Christian Farmers Federation of Ontario Commentary
By Henry Stevens, CFFO Director
Ontario Agriculture Minister Jeff Leal is to be commended for intervening in the questionable attempt by the Farm Products Marketing Commission (FPMC) to change Regulation 440. These changes would have stripped the Ontario Processing Vegetable Growers (OPVG) of their negotiating powers with their processors. The processing vegetable sector could have been decimated as a result. We only need to look at how Loblaws and Sobeys arbitrarily cut the prices they pay to their suppliers.
The question remains, “what was behind the FPMC’s attempt to strip the OPVG of their bargaining powers?” I believe that if successful, this move would have led to an assault on all marketing boards going forward. So was this attempt driven by someone’s ideology, or was there “another factor” driving it? It was probably both.
The “other factor” is globalization. The driving forces behind our international trade deals are the huge multinational corporations. Our governments have meekly given up our sovereign authority to these corporations under the pretense of growing the market place to benefit their citizens. However, the opposite has happened. The divide between the haves and the have nots has grown much wider. Corruption in government and business is rampant in many jurisdictions and accountability has all but disappeared.
The so-called elite have developed a sense of entitlement.

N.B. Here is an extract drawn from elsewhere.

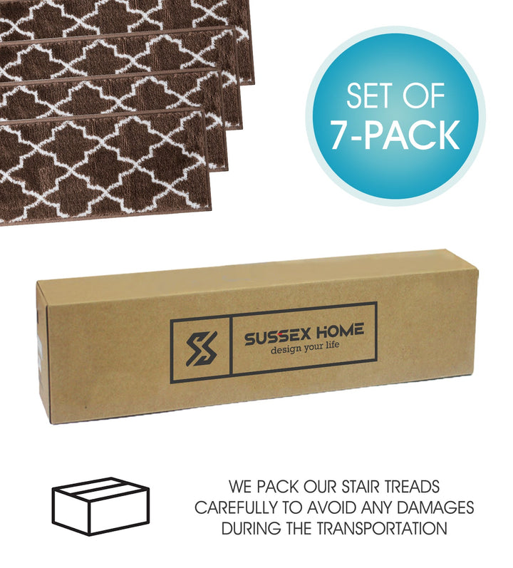 Stair Treads Rug 9"x28" Trellisville Collection | Brown & White
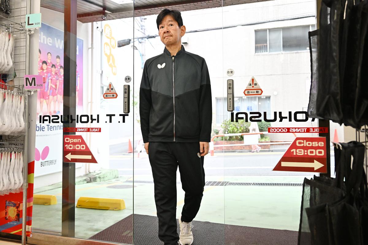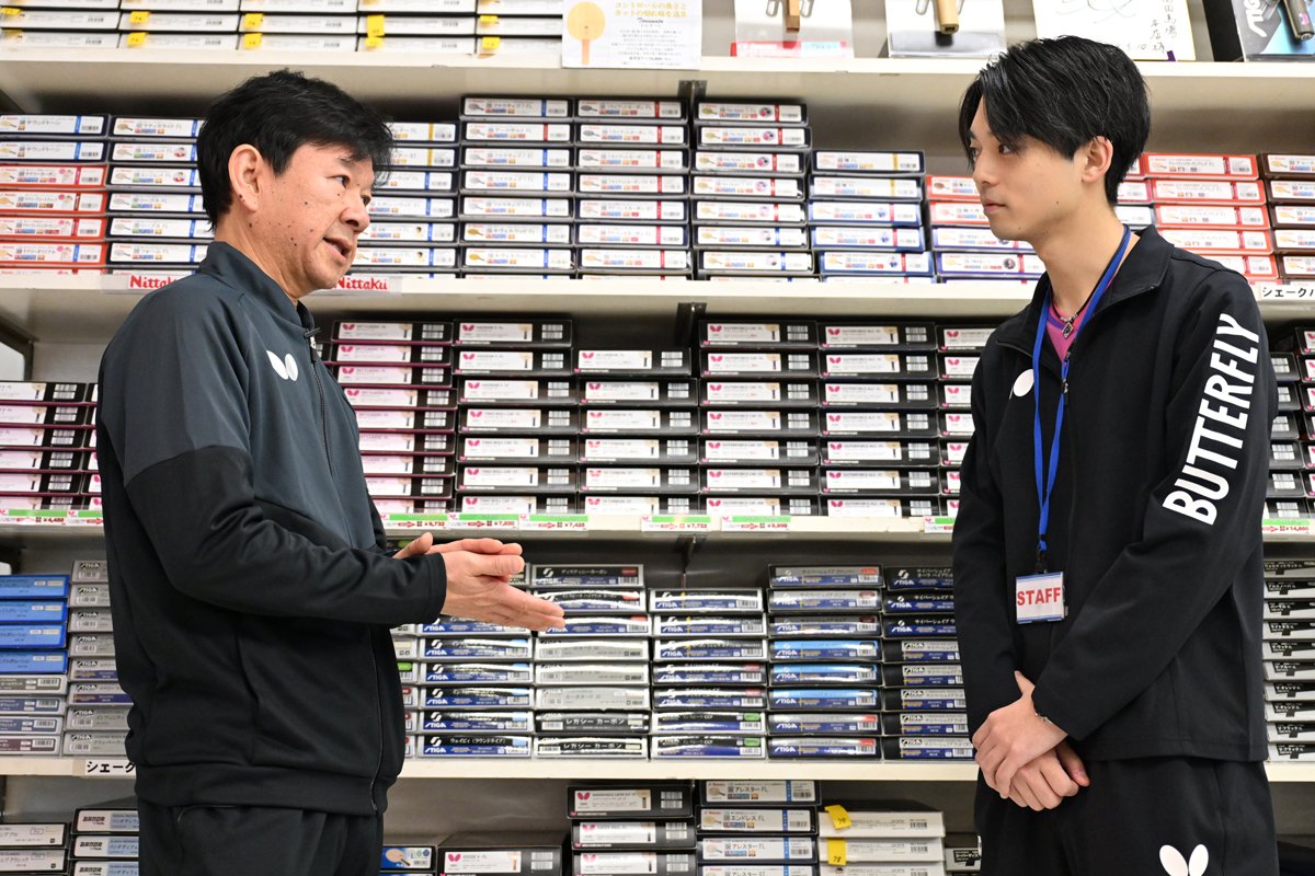 入店前に、父(渋谷五郎)に連れられて、名古屋の卓球ショップを訪れた時の思い出を語ってくれた渋谷浩。久々のショップ訪問に「ワクワクする」と胸を躍らせていた渋谷が豊富な品ぞろえでおなじみの国際卓球さんにお邪魔しました。

The down trodden are getting fed up with being told what they can and cannot do. The inevitable results have been clearly demonstrated through the Brexit vote in Great Britain and rise of Donald Trump in the United States. And yet the elites do not get it. I was shocked a couple of weeks ago during a conversation at a bed and breakfast in Niagara-on-the-Lake with an American guest who worked for a pharmaceutical company. He was upset that the vote of a poor person who whitened their teeth with Javex because they could not afford toothpaste, was worth just as much as his own vote. That spoke volumes.
Agriculture is not immune from this trend towards elitism. We see it in huge farm sizes. We see it in farmers hogging the roads with their huge equipment because they have to travel farther from home. We see it in neighbours outbidding another farmer who has farmed a piece of land for years. As a result of all this we also see much more stress on farmers and their families. Neighbours don’t know each other anymore.
Instead of focusing on unsustainable growth, I believe we need to focus on “degrowth,” where many more families can have ownership, responsibility, pride and a sense of self-worth. Only then will we create the triple bottom line –economic, social and environmental sustainability – that we say we desire.